When the Yankees last played Kansas City, the Royals were a historically bad ballclub. When the team bus pulled up at Yankee Stadium back in late May, the Royals had a .222 winning percentage. Had they kept up that pace, the Royals would have surpassed the 1916 Philadelphia Althetics as the worst team since the arrival of the twentieth century.
Of course, they weren't really that bad. Their Pythagorean record at the time was .261 and by June 15 they had indeed pulled their actual record up to .262, which would merely have been sixth worst since 1901. Since then, however, Royal baseball has been a whole new ballgame, as the team has played at a comparatively world-beating .466 clip.
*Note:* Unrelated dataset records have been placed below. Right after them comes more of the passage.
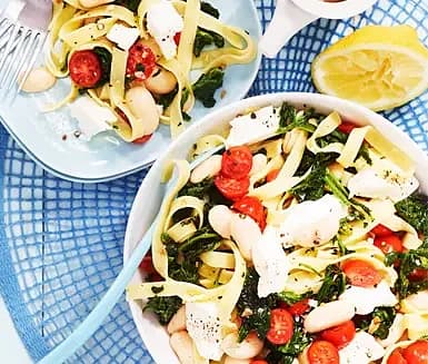 Isterbandspasta med spenat och citron
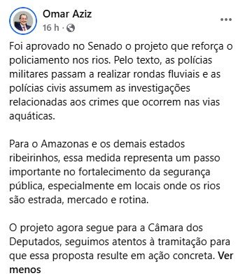 O senador Omar Aziz (PSD-AM), comemorou em suas redes sociais nesta terça-feira (11/11), a aprovação do projeto que obriga as polícias civis e militares a criarem unidades específicas para investigar crimes e fazer rondas nos rios.
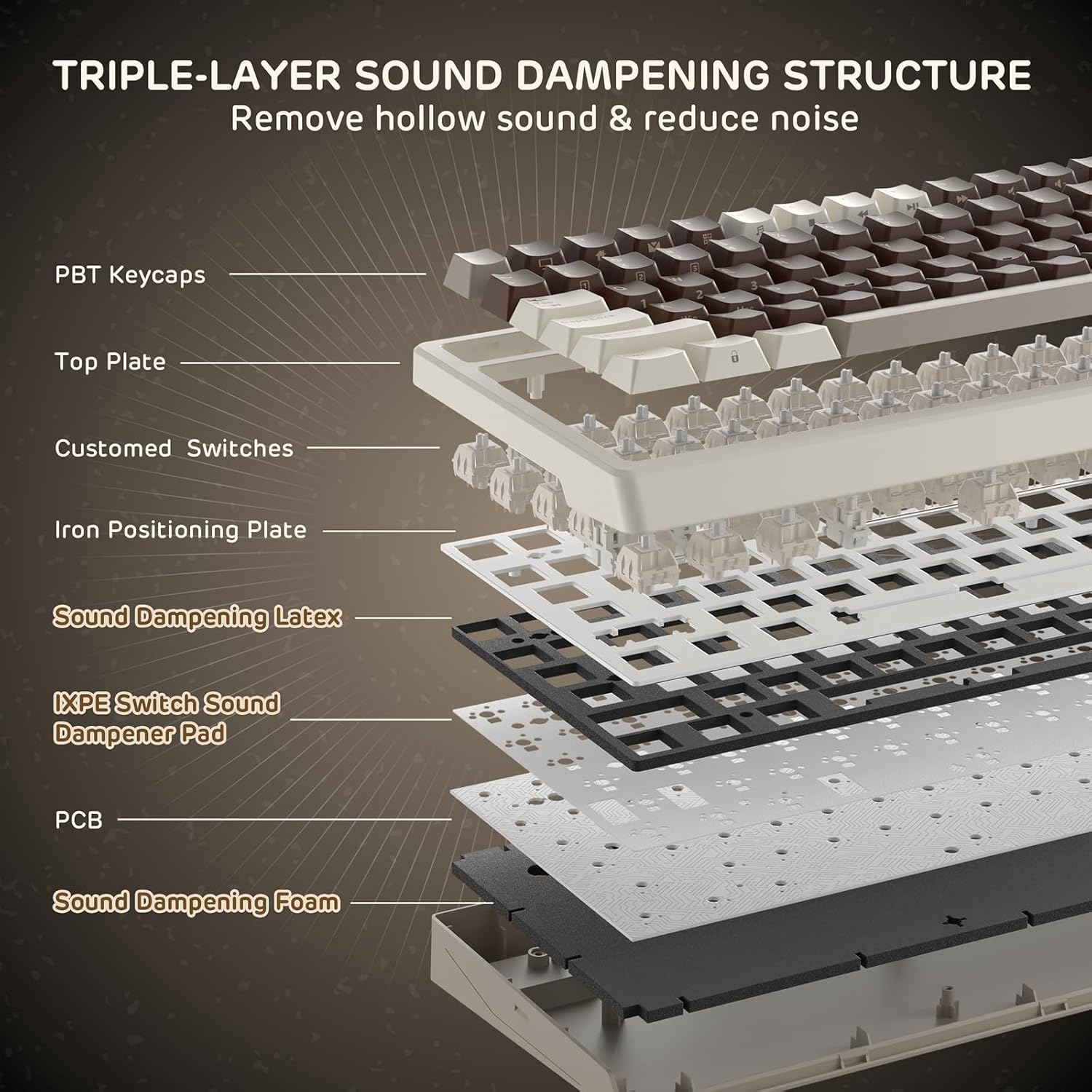 Triple-Layer Sound Dampening — With 3 layers of internal padding, including a thick bottom sound-absorbing foam, an IXPE switch pad, and a latex dampener, this keyboard structure significantly minimizes hollow sounds and cavity noise, delivering a super smooth and satisfying typing experience.
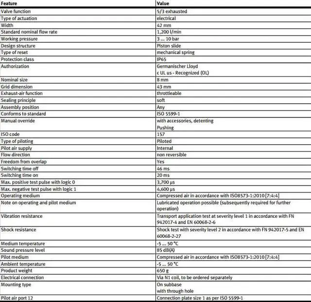 FESTO MN1H-5/3E-D-1-C Solenoid Valve 159683 Width 42 mm
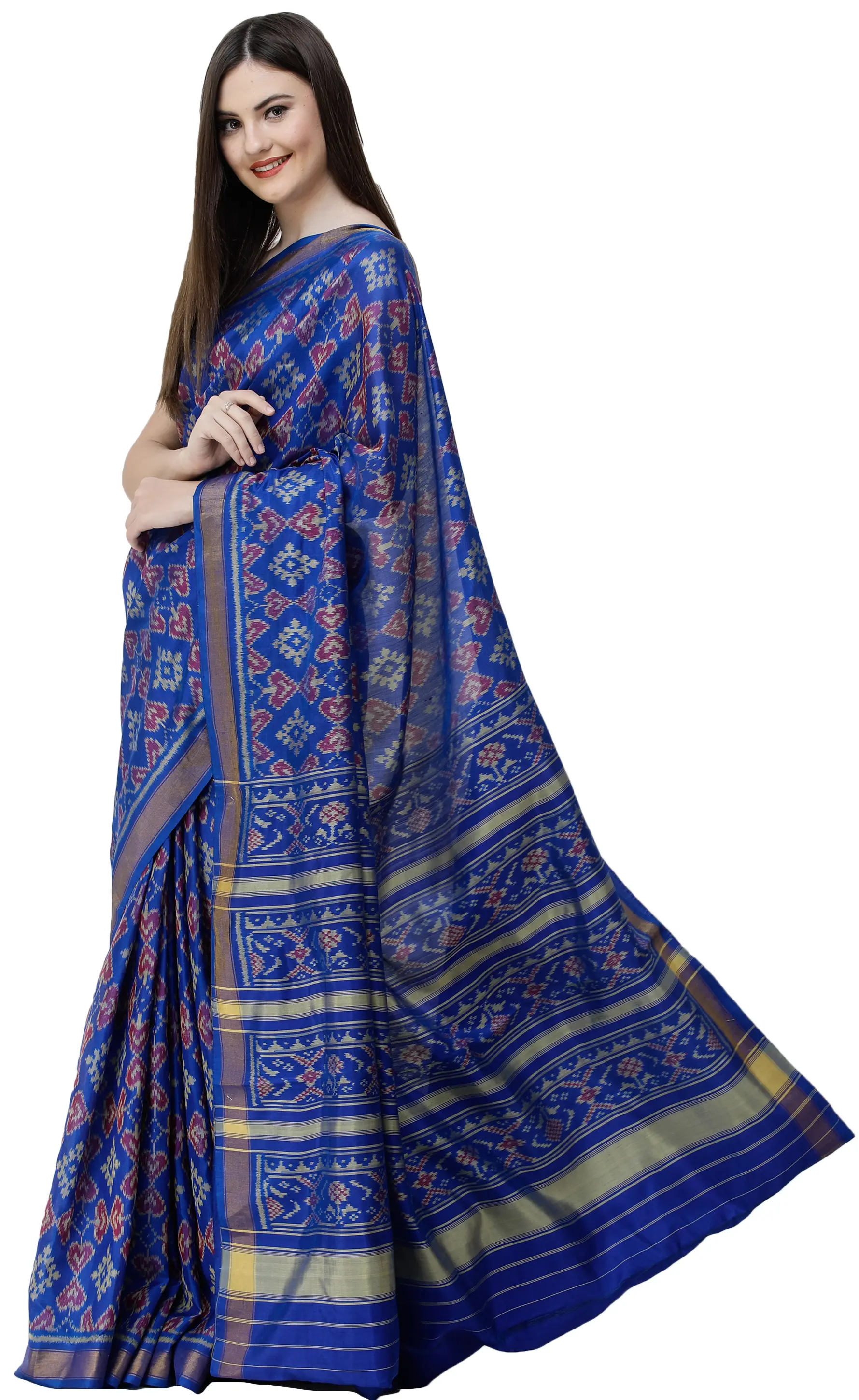 Federal-Blue Ikat Handloom Pure Cotton Saree with Woven Pair of Peacocks and Rudraksha Border from Sambhalpur
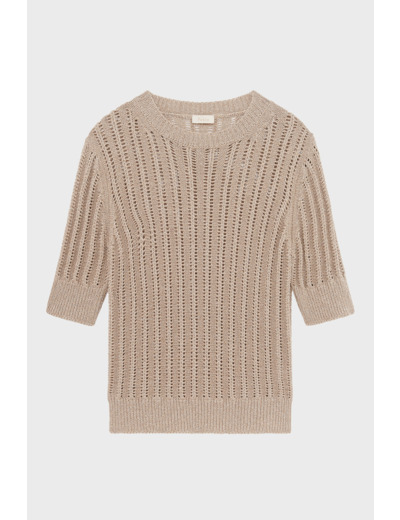 Fabriqué en Italie avec un fil italien de qualité, ce pull présente une longueur standard et une maille unie à lurex dans une finition ajourée. La forme droite, le col rond et les manches courtes complètent ses caractéristiques techniques pour un vêtement durable et élégant.

So what changed? Well, most obviously, they fired general manager Allard Baird and replaced him with former Atlanta Braves assistant GM Dayton Moore at the end of May. Not that Moore can really be said to have been responsible for having turned the team around on his own. During his first month on the job, Moore reinstated Mark Teahen at third base, acquired Joey Gathright from the Devil Rays, claimed Todd Wellemeyer of waivers from the Marlins, bought Brandon Duckworth from the Pirates, and restored tonight's starter Luke Hudson to the rotation.
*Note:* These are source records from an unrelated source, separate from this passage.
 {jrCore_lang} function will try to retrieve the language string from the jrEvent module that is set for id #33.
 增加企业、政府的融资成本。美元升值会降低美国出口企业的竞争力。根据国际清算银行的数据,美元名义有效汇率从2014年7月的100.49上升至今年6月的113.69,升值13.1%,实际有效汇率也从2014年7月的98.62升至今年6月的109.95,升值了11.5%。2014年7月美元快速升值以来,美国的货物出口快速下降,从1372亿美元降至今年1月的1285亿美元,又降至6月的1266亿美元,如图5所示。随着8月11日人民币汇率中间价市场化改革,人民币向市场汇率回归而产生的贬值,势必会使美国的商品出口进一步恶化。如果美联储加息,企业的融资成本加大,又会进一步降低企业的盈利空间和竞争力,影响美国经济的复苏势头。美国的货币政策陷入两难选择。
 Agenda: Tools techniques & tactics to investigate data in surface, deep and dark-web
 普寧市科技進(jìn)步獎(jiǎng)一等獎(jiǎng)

Teahen has been a revelation, hitting .318/.390/.568 with 16 homers, 58 RBIs while being a perfect 8 for 8 on the bases and playing outstanding defense, but the other moves have had minimal impact. Gathright has hit just .234/.319/.291 and been caught in five of his eleven steal attempts. Wellemeyer leads the Royals pen with a 3.98 ERA (ouch), but has walked more than he's struck out. Duckworth posted a 6.11 ERA before landing on the DL. In fact, the 29-year-old Hudson has been the second most successful of Moore's initial fixes, going 7-2 since his recall despite a 5.01 ERA.
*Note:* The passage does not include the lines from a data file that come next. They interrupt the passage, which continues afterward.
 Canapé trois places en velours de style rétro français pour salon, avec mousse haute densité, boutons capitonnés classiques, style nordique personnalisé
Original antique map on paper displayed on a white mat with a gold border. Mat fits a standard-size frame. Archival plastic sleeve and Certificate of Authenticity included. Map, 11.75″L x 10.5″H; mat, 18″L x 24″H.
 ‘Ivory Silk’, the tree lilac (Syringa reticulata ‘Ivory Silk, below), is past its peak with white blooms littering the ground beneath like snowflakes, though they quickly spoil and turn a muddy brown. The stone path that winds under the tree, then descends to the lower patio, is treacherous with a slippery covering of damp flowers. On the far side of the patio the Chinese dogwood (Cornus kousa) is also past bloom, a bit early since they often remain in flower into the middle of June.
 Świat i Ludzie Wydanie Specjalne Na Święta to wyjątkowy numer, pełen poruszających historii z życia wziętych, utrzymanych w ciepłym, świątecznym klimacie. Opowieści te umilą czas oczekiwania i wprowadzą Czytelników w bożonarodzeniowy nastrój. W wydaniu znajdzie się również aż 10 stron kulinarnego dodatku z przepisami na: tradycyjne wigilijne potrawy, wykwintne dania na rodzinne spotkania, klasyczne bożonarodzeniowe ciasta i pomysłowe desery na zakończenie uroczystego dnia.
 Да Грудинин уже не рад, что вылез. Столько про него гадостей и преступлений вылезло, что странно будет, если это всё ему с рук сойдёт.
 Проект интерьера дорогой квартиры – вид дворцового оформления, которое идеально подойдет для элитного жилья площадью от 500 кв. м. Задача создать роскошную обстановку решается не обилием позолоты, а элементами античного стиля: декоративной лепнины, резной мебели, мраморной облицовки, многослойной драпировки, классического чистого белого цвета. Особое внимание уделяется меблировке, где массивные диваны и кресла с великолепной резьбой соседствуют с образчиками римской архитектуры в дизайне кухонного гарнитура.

But then, it's not fair to judge Moore on his short-term results. The Royals are such a bankrupt organization that there's very little anyone could have done with them mid-season. Rather, Moore has been the early beneficiary of a few lucky breaks, such as the 24-year-old Teahen exceeding the expectations he'd previously failed to live up to, and David DeJesus and Mike Sweeney getting healthy. That said, he does deserve credit for bringing in first baseman Ryan Shealy from the Rockies, who has since hit .312/.363/.456. With Shealy and DeJesus replacing injured underperforming vets Doug Mientkiewicz and Reggie Sanders, Sweeney replacing the underutilized Matt Stairs, and Teahen replacing miscast utility man Tony Graffanino, the Royals have shown signs of life on the field, sweeping the Red Sox in early August and going 4-2 over their last six games against Wild Card contenders Chicago and Minnesota. In Kansas City such signs of life are a major accomplishment.